You expect surface effects to work like they do in your human
experience, even when the fundamental causes of those surface effects
change. You expect assertions to be justified in terms of their
perceived departure from what seems normal to you, but your norms are
human norms. For example:
> But you seem to be
> relying almost entirely on unarticulated intuitions when you conclude
> that very large and rapid improvement of isolated AIs is likely.
Here you measure "rapid" on a human scale. There is nothing in the laws
of physics which says that one thought per 10^45 Planck intervals is
"normal", one thought per 10^55 Planck intervals is "slow", and one
thought per 10^35 Planck intervals is "fast".
Pretend that a politically correct review committee is going to go over
all your work looking for signs of humanocentrism.
> A standard abstraction seems useful to me: when knowledge
> accumulates in many small compatible representations, growth is in
> the largest system that can share such representations.
Presuming that information can be shared more cheaply than it can be
initially produced; i.e. that the cost of bandwidth is less than the
cost of local production.
> Since DNA
> is sharable mainly within a species, the improvements that any one
> small family of members can produce are usually small compared to the
> improvements transferred by sex within the species.
Here you analogize to evolution. This is something to be wary of
because evolution is an extremely unusual special case of an
optimization process. I use all sorts of evolutionary arguments, but
only to illustrate *how different* an optimization process can be from
human intelligence - never to say that something *must* be like evolution.

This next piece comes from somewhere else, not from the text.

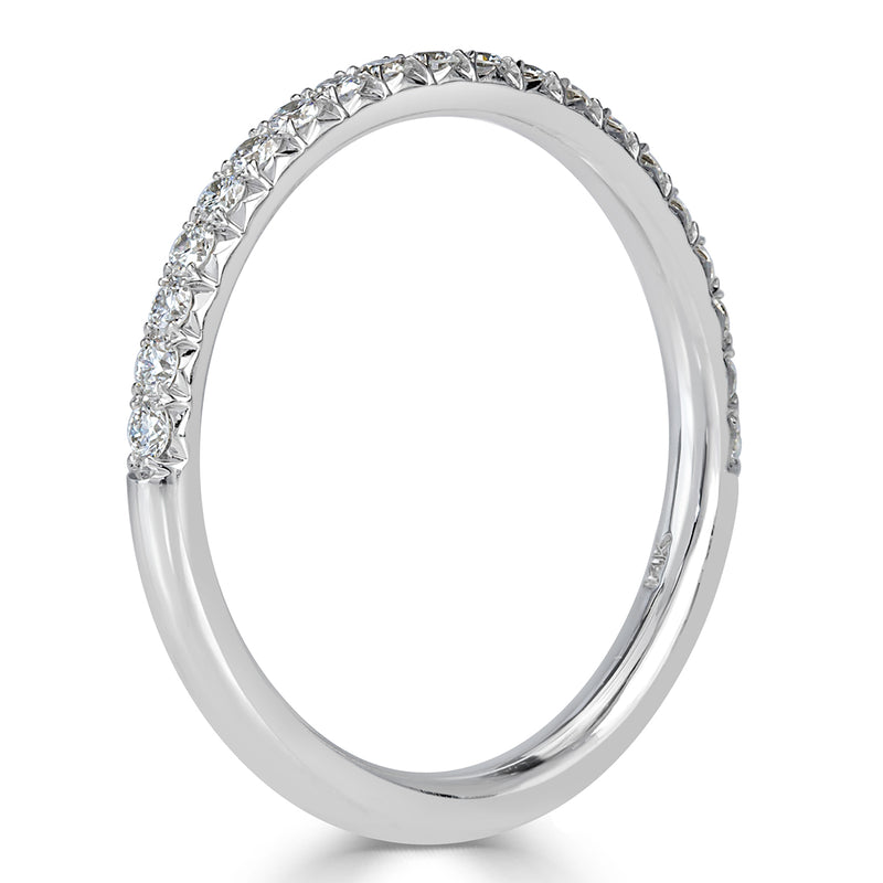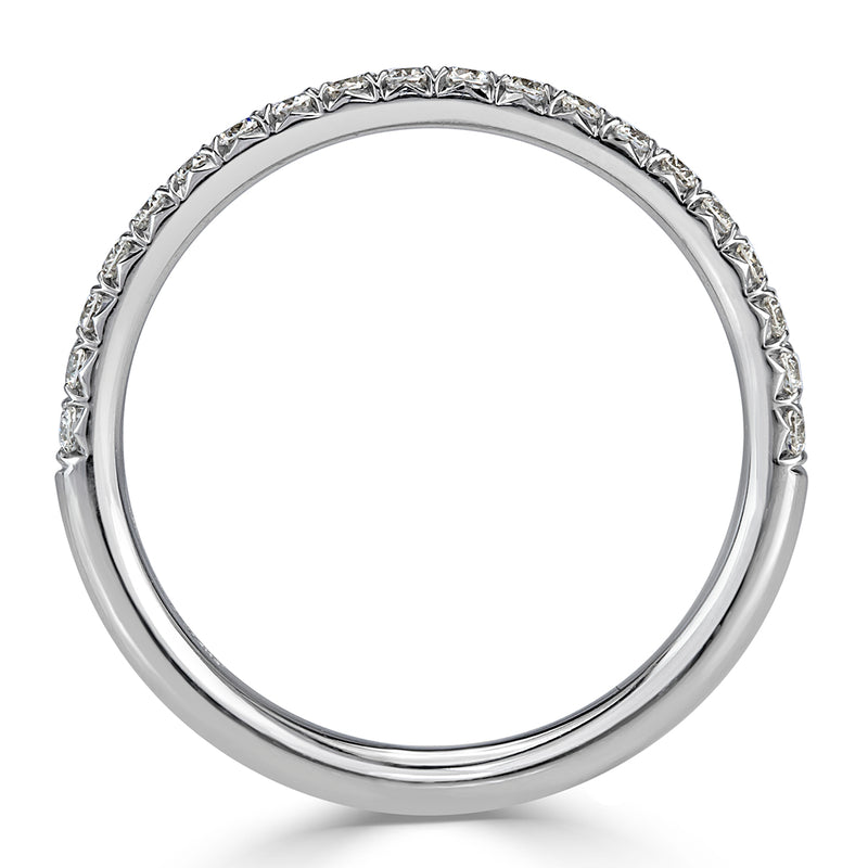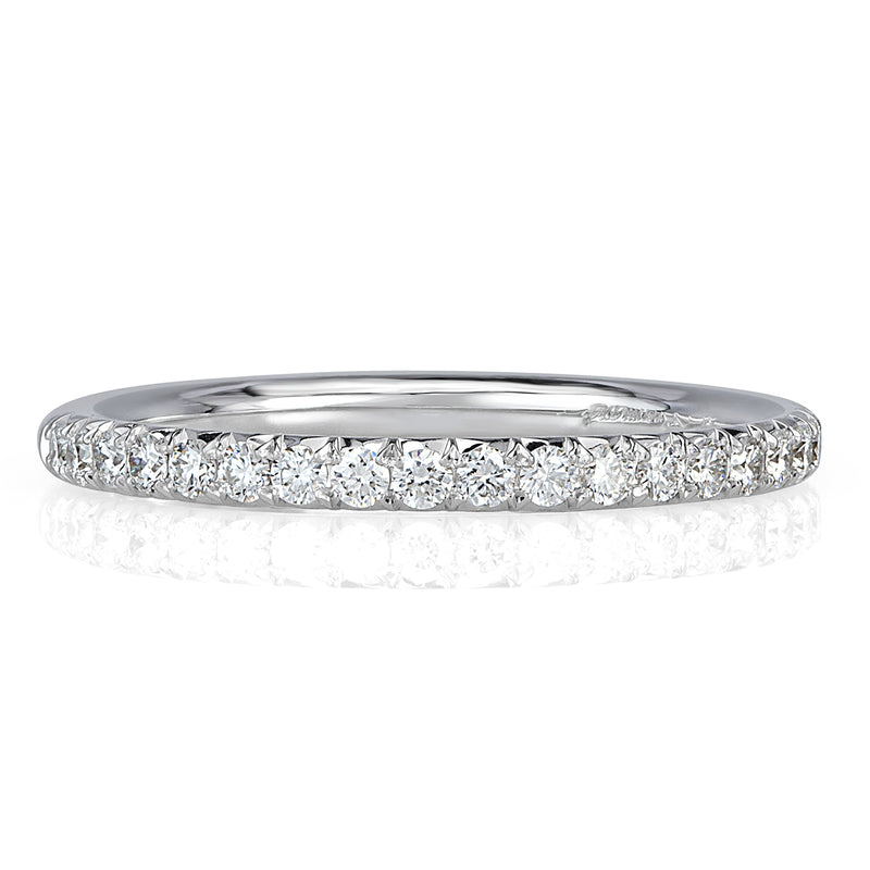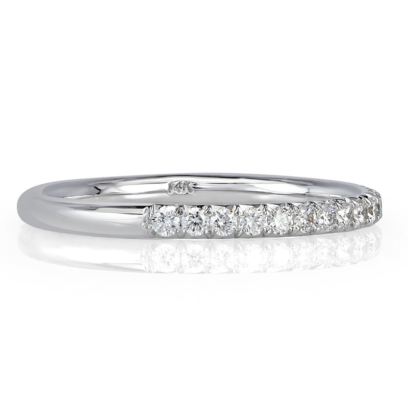Glimmering round brilliant cut diamonds are finely handset into a dainty and meticulous 18k white gold french micropave setting. The diamonds are certified at premium white color gradings of E-F and perfectly eyeclean clarity gradings of VS1-VS2. This classic diamond band is beautiful stacked with other rings or as a stand alone piece!

When knowledge accumulates in small modular representations, growth is
in the largest system that *does* share such representations - not the
largest system that *can*. In principle, species could develop means of
swapping adaptations among themselves. Wouldn't you like gills? But
that's not how it works with multicellular organisms. There's a very
clear evolutionary logic for this - it's not a mystery. But if a human
were in charge of the system, if we were running the show, we'd
plagiarize the heck out of everything and export adaptations wholesale
So in fact, ecology contradicts the generalization you brought it to
support - that growth is within the largest pool where knowledge *can*
be shared, as a human onlooker thinks of opportunity. Growth is within
the pool where knowledge *is* shared.
The ecological world is like one in which every two human cultures that
became sufficiently different, *completely stopped* communicating with
We'd never do that. Even if we hated their guts, we'd steal their guns.
In spirit, if not in letter, this may seem like an argument in your
direction. Evolution is dumber than a brain, and as we moved in the
direction of increasing intelligence, we seemed to move toward
perceiving more opportunities for communication. Or at least more
opportunities for theft. Humans plagiarized flight from birds, but I
haven't seen much capability-transfer going the other way.

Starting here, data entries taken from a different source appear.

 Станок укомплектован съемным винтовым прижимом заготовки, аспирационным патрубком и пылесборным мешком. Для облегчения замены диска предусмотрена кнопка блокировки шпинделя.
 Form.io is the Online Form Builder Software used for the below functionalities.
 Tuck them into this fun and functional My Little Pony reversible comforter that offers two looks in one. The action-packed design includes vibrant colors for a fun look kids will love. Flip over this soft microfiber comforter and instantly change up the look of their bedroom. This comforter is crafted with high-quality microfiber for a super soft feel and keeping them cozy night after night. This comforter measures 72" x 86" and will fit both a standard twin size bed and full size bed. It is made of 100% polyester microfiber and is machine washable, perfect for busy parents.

There's a wider universe out there;
It doesn't work like you do;
You can't trust your intuitions;
Evolutionary analogies have dangers both subtle and gross;
Just because something *could* happen doesn't mean that it will.
This also struck me about your "Dreams of Autarky"; you said:
> The cells in our bodies are largely-autonomous devices and manufacturing plants, producing most of what they need internally. Our biological bodies are as wholes even more autonomous, requiring only water, air, food, and minimal heat to maintain and reproduce themselves under a wide variety of circumstances. Furthermore, our distant human ancestors acquired tools that made them even more general, i.e., able to survive and thrive in an unusually diverse range of environments. And the minds our ancestors acquired were built to function largely autonomously, with only minor inputs from other minds.

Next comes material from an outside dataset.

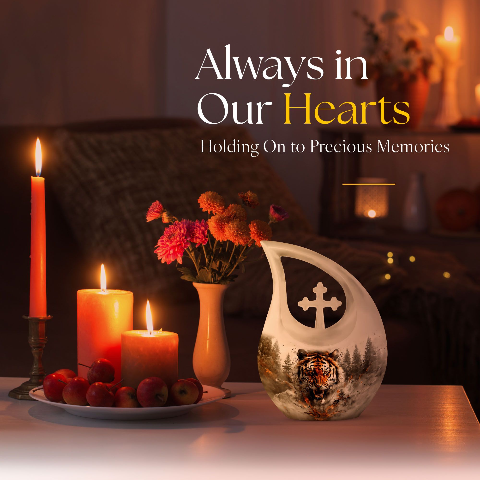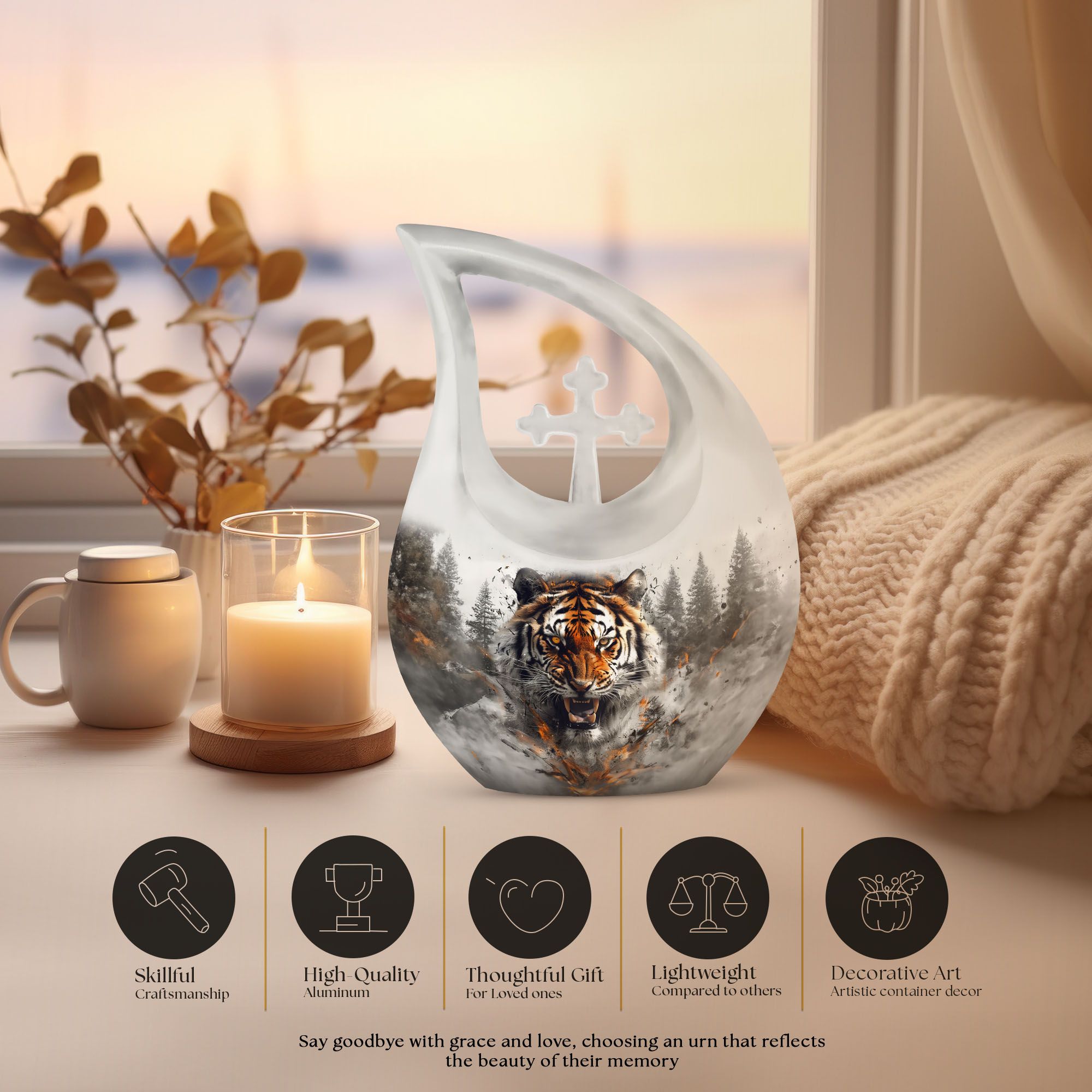 Let this Tiger Urn work as a vessel to cherish the memories of your loved ones. Our elegantly designed Cross Drop 10-inch Cremation Container fuses sentiment with timeless style. Crafted from durable Aluminium, it weighs around 3.3 pounds, ensuring longevity and preserving the sanctity of memorial urns. With a capacity of 200 cubic inches, it is adequately sized for large urns or a smaller, more intimate containment. Each urn comes with a soft velvet pouch, providing a dignified enclosure for the ashes. Add a personal touch with our customization options – you can engrave names of your cherished ones, enhancing the remembrance. Intended for those in search of urn for dad or large urns for ashes, this tiger-themed urn blends the ritualistic need with a tasteful aesthetic. Discover the quiet grace of our Tiger Urn as it stands testament to the love you carry.

And from this you read: There is a trend toward greater interdependency
over recent time (~10 Ky), and you expect this trend to continue.
An alternate reading would be: Modern human culture is a bizarre
special case in a universe that doesn't usually work that way. I
discuss this in more detail below.
> Since humans
> share their knowledge via language and copying practices, the
> improvements that a small group of people can make are small compared
> to the improvements transferred from others, and made available by
> trading with those others.
And this is an example of what I mean by anchoring on human norms. In
your everyday experience, an economy is made up of humans trading
*artifacts* and *knowledge*. You don't even think to question this,
because it's so universal.
Humans don't trade brains. They don't open up their skulls and trade
visual cortex. They don't trade adaptations. They don't even trade
procedural knowledge. No matter how much someone offers to pay me, I
cannot sell them my command of English or my ability to write
entertaining nonfiction - not that I would ever sell the original. I'm
not sure I would sell a copy. But the point is that I have no choice.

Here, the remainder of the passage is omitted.